Thank you. It's great to be here, Chad.
For our audience to get to know you, before we get into AI, I like to personalize the show a little bit and go back to howdid you become who you are? What was your thing when you were a kid? Did you play sports? Where do you live? Share a little bit about your background?
I was basically born in Chicago. I'm 1 of 4kids. I was always the scrappy kid that I felt like I had to fight for a seat. I started kindergarten at age four because my parents were like, “She was getting into trouble at home. We need to keep her occupied and send her to school to go learn something.” I was always trying to keep up with my older brother and older sister. We moved when I was eight to Oregon and finished growing up in Oregon. The nice thing there was tapped into a great school system and I found lots of challenges there. I attended the University of Oregon and then got my first job at Intel. I essentially worked at Intel for 26years, 18 of which were in Finance. That was my primary degree.
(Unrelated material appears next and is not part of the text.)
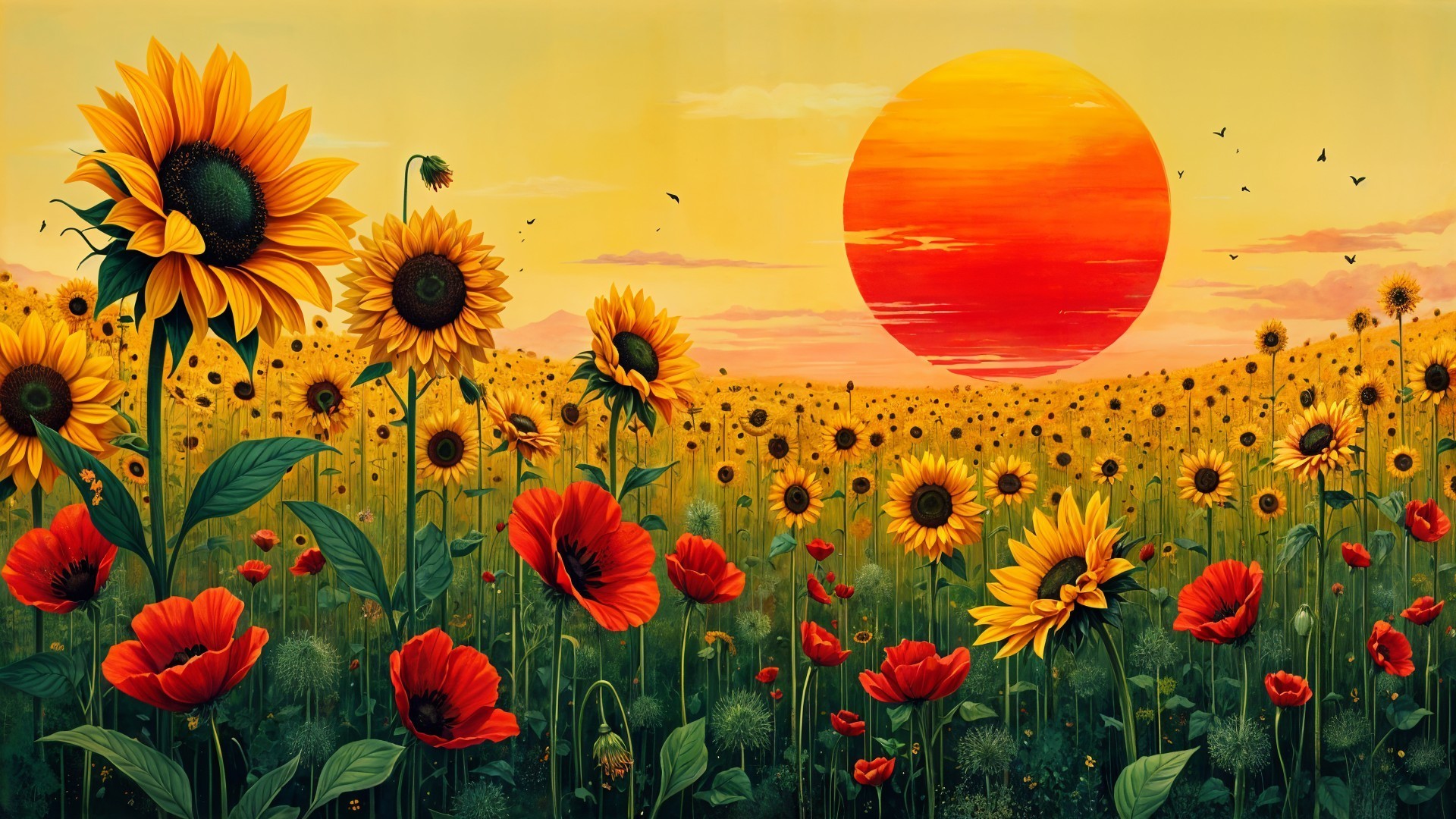 Prompt: A whimsical field of tall sunflowers with large yellow petals and dark centers, and red poppies with delicate petals and green stems, set against a surreal sunset backdrop, with a huge yellow, orange, and red sun in the shape of a tangerine, complete with intricate leaf details, creating an enchanted atmosphere near dusk, extremely detailed, richly layered, ultra high resolution, vivid and vibrant, accented with expressive green ink lines and splashes of violet, the field is in perfect tone harmony, with warm golden light casting long shadows across the lush green landscape.

My secondary degree was in Marketing. I’ve always got the question of, “You don't seem like a typical finance person. ”They always say, “You are the CFO for this business? I thought you were the chief marketing person.” I'm like, “No, I can do both.” I did move over side ways to be the General Manager of a business unit in our Internet of Things Business at Intel. I enjoyed that role, globally managing a team around the world that provided technical solutions into retail, healthcare casino, gaming and defense. It’s a very broad spectrum but they are taking the standard Intel chips and putting them into very interesting, unique, different use cases.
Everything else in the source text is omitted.